Your objective>
Below are records to be copied exactly; their pictures are to be omitted.

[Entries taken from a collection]
※ ※ ※

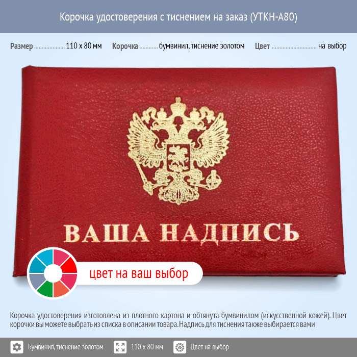Бланк удостоверения с тиснением на заказ, цвет на выбор, 110 x 80 мм (УТКН-А80) в Ачинске купить
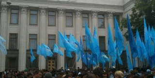 Противники принятия законопроекта о языках также продвигаются в сторону парламента, однако сотрудники милиции не пропускают их за выставленное ограждение. Как сообщается, люди занимают места на тротуарах на всех подходах к парламенту.
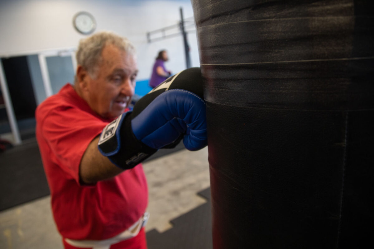 Dick Van Allen punches a bag in the Rock Steady Boxing program on Wednesday, Dec. 4, 2019, in Washington Terrace. The boxing program helps Van Allen and others with Parkinson’s disease regain muscle mobility and function and treat other symptoms of the disease.
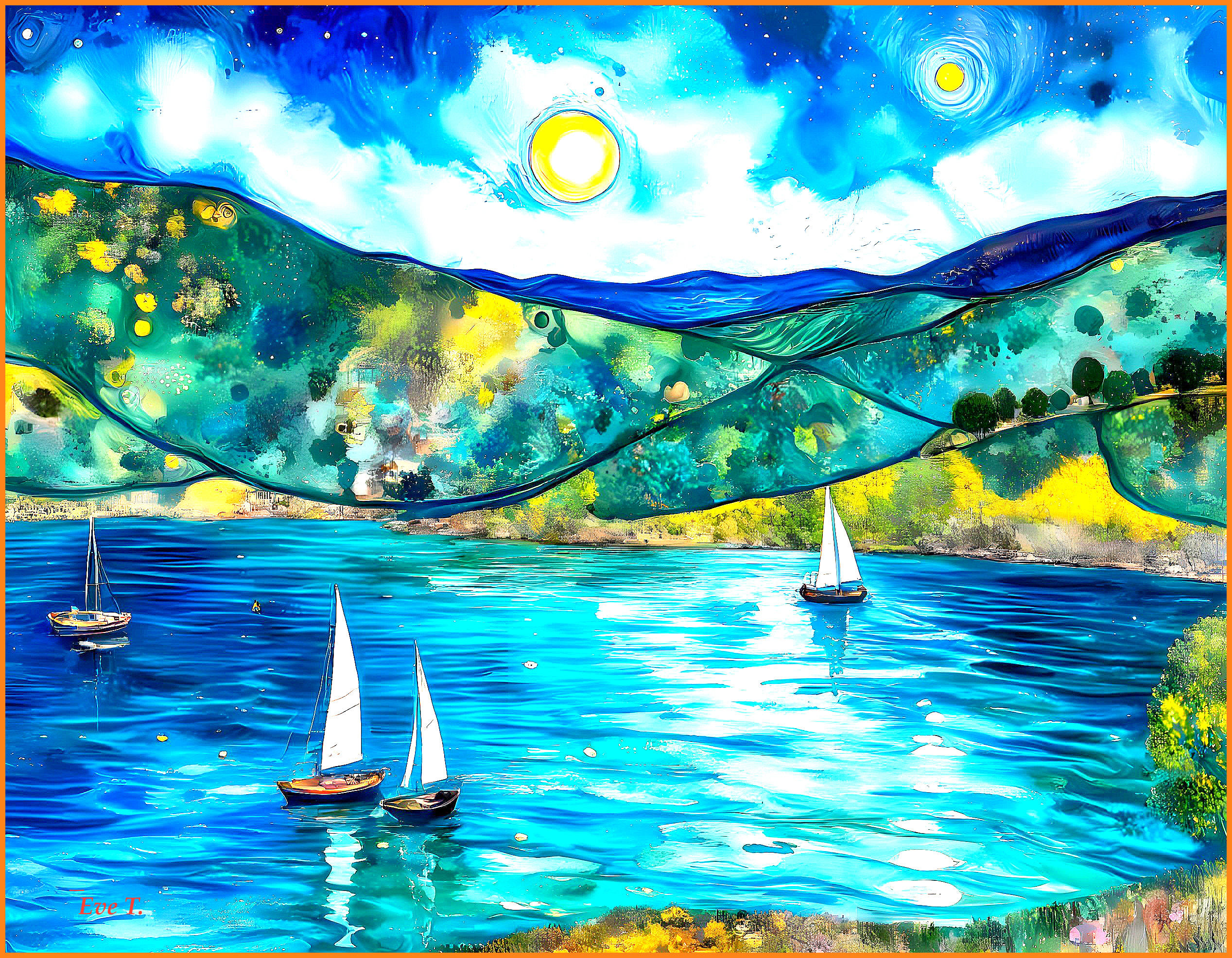 Prompt: In the style of Vincent van Gogh, envision a serene countryside scene bathed in the warm glow of the setting sun. A rustic farmhouse stands amidst fields of vibrant sunflowers, their golden petals swaying gently in the breeze. The sky above is alive with swirling clouds painted in bold, expressive strokes of blue and yellow, creating a mesmerizing tapestry of color. In the distance, rolling hills cascade into the horizon, their contours softened by the fading light. A lone figure, reminiscent of van Gogh himself, strolls along a winding path, lost in contemplation amid the tranquil beauty of the countryside
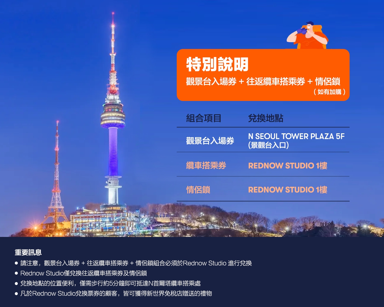 N首尔塔坐落在南山公园美丽的自然环境中,高耸的山顶上,为游客提供了俯瞰整个城市的绝佳视野。 快速登上近500米高的N首尔塔瞭望台,探索这座令人惊叹的纪念碑。 远离都市喧嚣,将首尔美景尽收眼底。 白天,您可以欣赏到城市的全景,远眺连绵起伏的群山;夜晚,您可以观赏闪烁的城市灯光与点点繁星交相辉映。
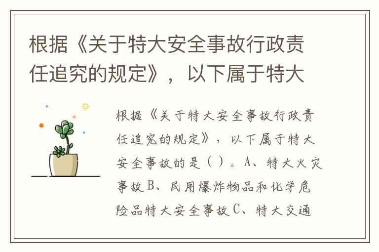 根据《关于特大安全事故行政责任追究的规定》,以下属于特大安全事故的是()。A、特大火灾事故 B、民用爆炸物品和化学危险品特大安全事故 C、特大交通安全事故 D、特大建筑质量安全事故
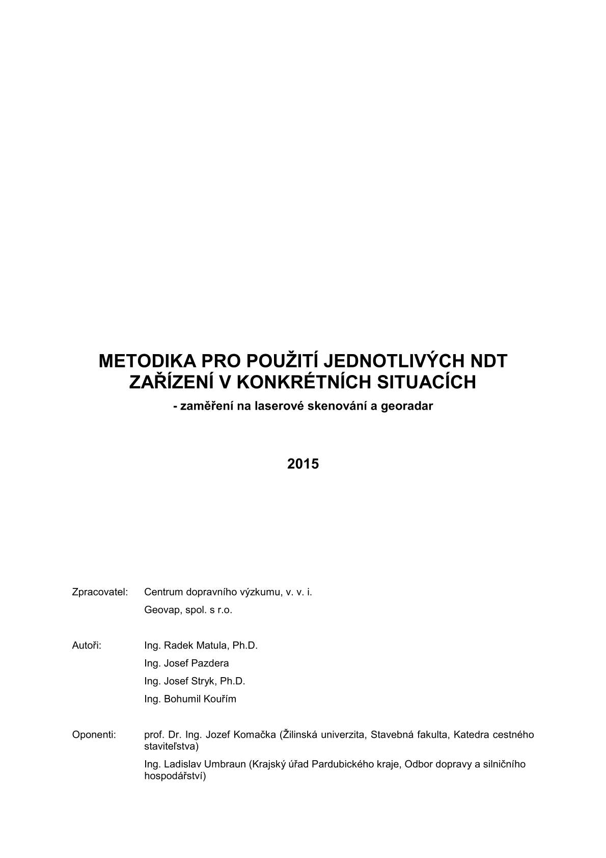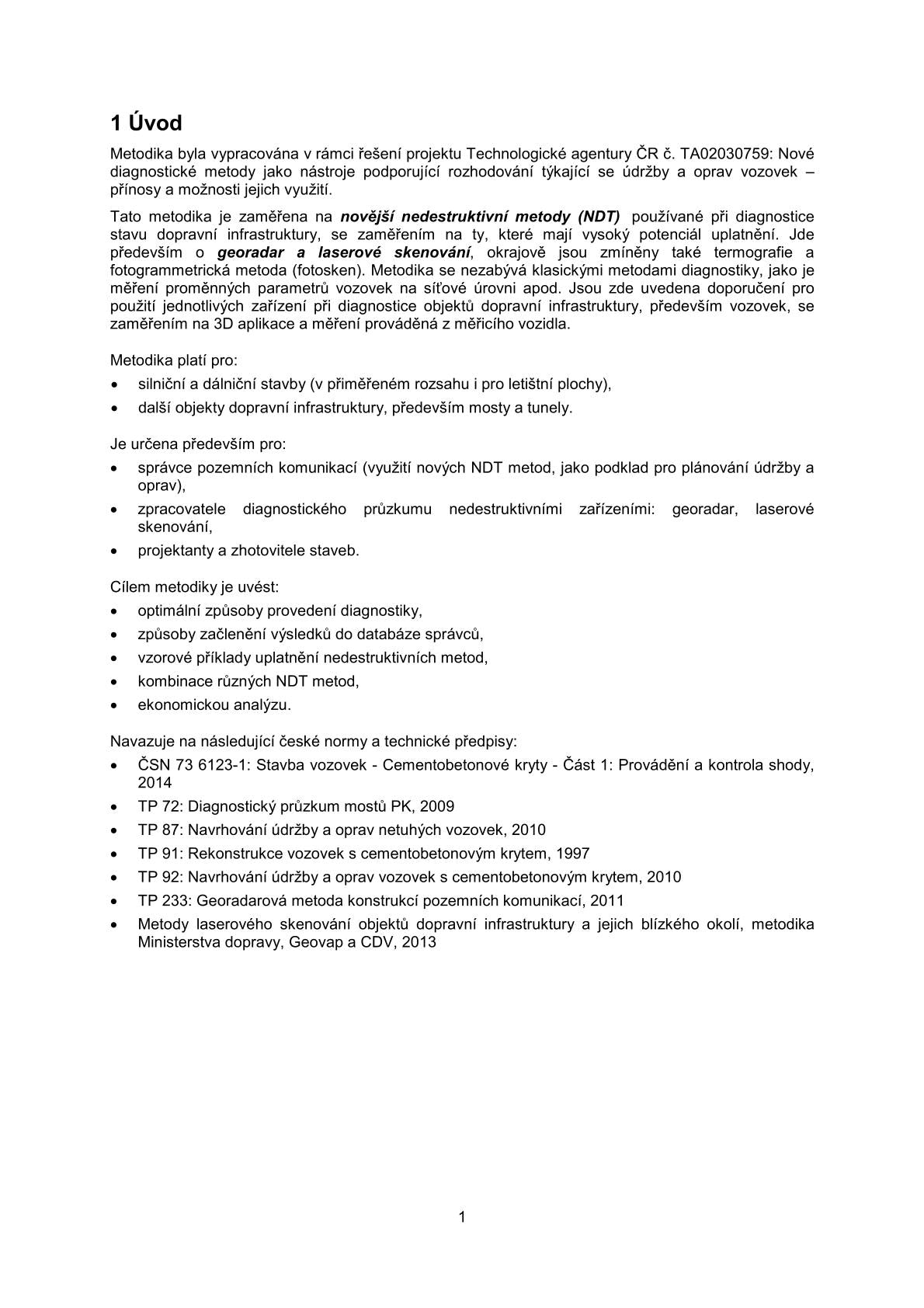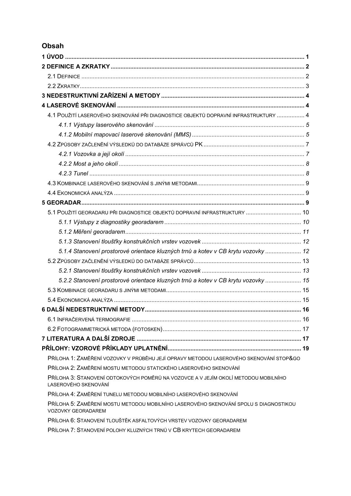 Tato metodika je zaměřena na novější nedestruktivní metody (NDT) používané při diagnostice stavu dopravní infrastruktury, se zaměřením na ty, které mají vysoký potenciál uplatnění. Jde především o georadar a laserové skenování, okrajově jsou zmíněny také termografie a fotogrammetrická metoda (fotosken). Metodika se nezabývá klasickými metodami diagnostiky, jako je měření proměnných parametrů vozovek na síťové úrovni apod. Jsou zde uvedena doporučení pro použití jednotlivých zařízení při diagnostice objektů dopravní infrastruktury, především vozovek, se zaměřením na 3D aplikace a měření prováděná z měřicího vozidla.
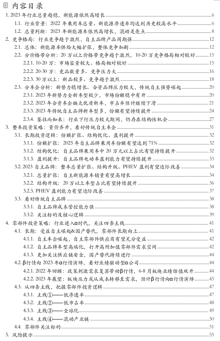 我们认为,整车股是非常优质的资产,其原因在于,长期看:自主份额有望持续扩张,结构有望持续优化,纯电平台技术有望不断创新迭代、带来电动车盈利持续提升。展望2023年:1)自主新能源车销量有望高增长;2)20万以上车型占比提升;3)PHEV盈利能力有望边际改善。对于2023年的整车行业投资,我们认为,考虑行业竞争日趋激烈,逐步进入拼成本时代,具有成本优势的传统自主车企有望迎来更大的投资机会。整车关注标的:比亚迪(三电技术领先、盈利有望持续超预期),长城汽车(新能源战略转型、将迎产品大年),吉利汽车(浩瀚架构下纯电+雷神混动放量),长安汽车(深蓝车型竞争力强有望放量+混动全面发力),广汽集团(纯电新品周期+混动从0到1)。
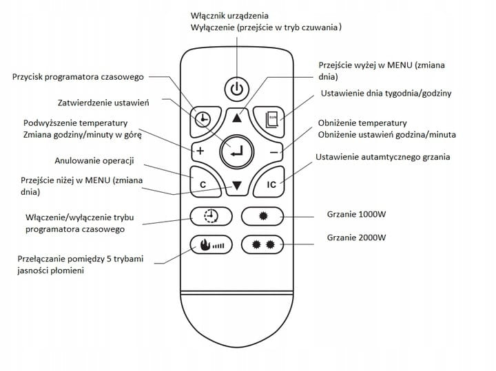 - sterowanie: pilot, elektroniczne wyświetlanie temperatury i timer
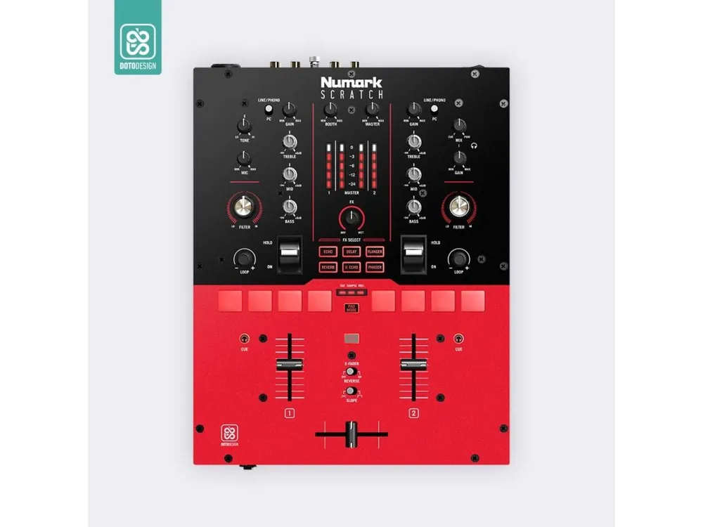 Nalepovací skin pro mixážní pult Numark Scratch v provedení COLORS DVS, barva red (červená).
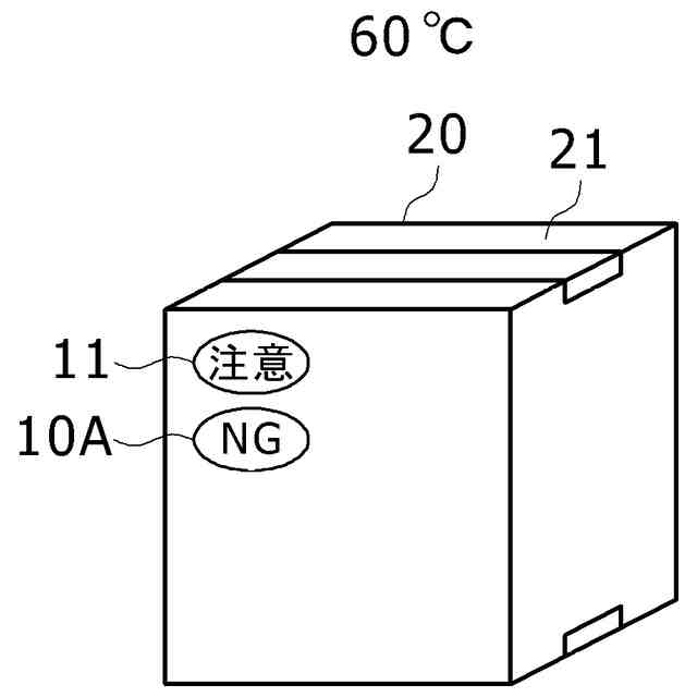 使用注意模様を40℃以上で色彩が変化する感温変色性のインク組成物により形成し、使用禁止模様を60℃以上の高温域で色彩が禁止色に変化する感温変色性のインク組成物により形成した請求項5記載の輸送用外装箱。
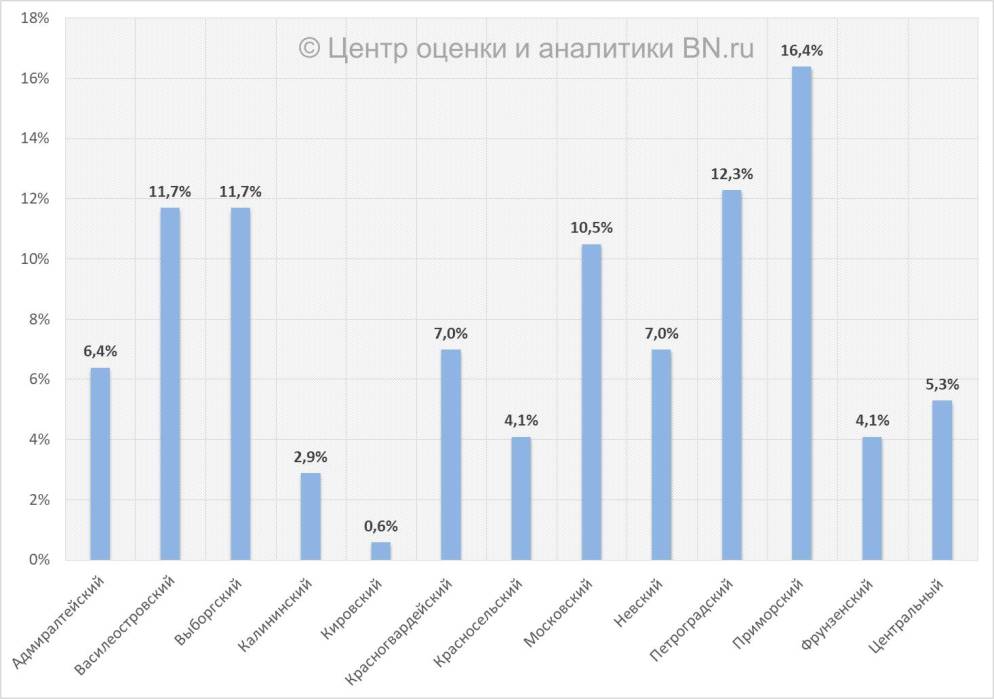 В структуре предложения по районам лидирующую позицию занимает Приморский район Петербурга – 16,4% от всего объема рынка новостроек. Далее на рынке квартир в строящихся домах большие доли занимают Василеостровский, Выборгский, Московский и Петроградский районы: предложение в них составляет 11,6%, 11,7%, 10,5% и 12,3% от всего объема рынка новостроек. Минимальное количество строительных объектов наблюдается в Калининском и Кировском районах – 2,9% и 0,6% соответственно.
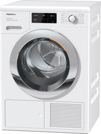 T1 Heat-pump tumble dryer with SteamFinish, DryCare 40 and SilenceDrum for gentle drying.

※ ※ ※

Exercise result>
Бланк удостоверения с тиснением на заказ, цвет на выбор, 110 x 80 мм (УТКН-А80) в Ачинске купить
 Противники принятия законопроекта о языках также продвигаются в сторону парламента, однако сотрудники милиции не пропускают их за выставленное ограждение. Как сообщается, люди занимают места на тротуарах на всех подходах к парламенту.
 Dick Van Allen punches a bag in the Rock Steady Boxing program on Wednesday, Dec. 4, 2019, in Washington Terrace. The boxing program helps Van Allen and others with Parkinson’s disease regain muscle mobility and function and treat other symptoms of the disease.
 Prompt: In the style of Vincent van Gogh, envision a serene countryside scene bathed in the warm glow of the setting sun. A rustic farmhouse stands amidst fields of vibrant sunflowers, their golden petals swaying gently in the breeze. The sky above is alive with swirling clouds painted in bold, expressive strokes of blue and yellow, creating a mesmerizing tapestry of color. In the distance, rolling hills cascade into the horizon, their contours softened by the fading light. A lone figure, reminiscent of van Gogh himself, strolls along a winding path, lost in contemplation amid the tranquil beauty of the countryside
 N首尔塔坐落在南山公园美丽的自然环境中,高耸的山顶上,为游客提供了俯瞰整个城市的绝佳视野。 快速登上近500米高的N首尔塔瞭望台,探索这座令人惊叹的纪念碑。 远离都市喧嚣,将首尔美景尽收眼底。 白天,您可以欣赏到城市的全景,远眺连绵起伏的群山;夜晚,您可以观赏闪烁的城市灯光与点点繁星交相辉映。
 根据《关于特大安全事故行政责任追究的规定》,以下属于特大安全事故的是()。A、特大火灾事故 B、民用爆炸物品和化学危险品特大安全事故 C、特大交通安全事故 D、特大建筑质量安全事故
 Tato metodika je zaměřena na novější nedestruktivní metody (NDT) používané při diagnostice stavu dopravní infrastruktury, se zaměřením na ty, které mají vysoký potenciál uplatnění. Jde především o georadar a laserové skenování, okrajově jsou zmíněny také termografie a fotogrammetrická metoda (fotosken). Metodika se nezabývá klasickými metodami diagnostiky, jako je měření proměnných parametrů vozovek na síťové úrovni apod. Jsou zde uvedena doporučení pro použití jednotlivých zařízení při diagnostice objektů dopravní infrastruktury, především vozovek, se zaměřením na 3D aplikace a měření prováděná z měřicího vozidla.
 我们认为,整车股是非常优质的资产,其原因在于,长期看:自主份额有望持续扩张,结构有望持续优化,纯电平台技术有望不断创新迭代、带来电动车盈利持续提升。展望2023年:1)自主新能源车销量有望高增长;2)20万以上车型占比提升;3)PHEV盈利能力有望边际改善。对于2023年的整车行业投资,我们认为,考虑行业竞争日趋激烈,逐步进入拼成本时代,具有成本优势的传统自主车企有望迎来更大的投资机会。整车关注标的:比亚迪(三电技术领先、盈利有望持续超预期),长城汽车(新能源战略转型、将迎产品大年),吉利汽车(浩瀚架构下纯电+雷神混动放量),长安汽车(深蓝车型竞争力强有望放量+混动全面发力),广汽集团(纯电新品周期+混动从0到1)。
 - sterowanie: pilot, elektroniczne wyświetlanie temperatury i timer
 Nalepovací skin pro mixážní pult Numark Scratch v provedení COLORS DVS, barva red (červená).
 使用注意模様を40℃以上で色彩が変化する感温変色性のインク組成物により形成し、使用禁止模様を60℃以上の高温域で色彩が禁止色に変化する感温変色性のインク組成物により形成した請求項5記載の輸送用外装箱。
 В структуре предложения по районам лидирующую позицию занимает Приморский район Петербурга – 16,4% от всего объема рынка новостроек. Далее на рынке квартир в строящихся домах большие доли занимают Василеостровский, Выборгский, Московский и Петроградский районы: предложение в них составляет 11,6%, 11,7%, 10,5% и 12,3% от всего объема рынка новостроек. Минимальное количество строительных объектов наблюдается в Калининском и Кировском районах – 2,9% и 0,6% соответственно.
 T1 Heat-pump tumble dryer with SteamFinish, DryCare 40 and SilenceDrum for gentle drying.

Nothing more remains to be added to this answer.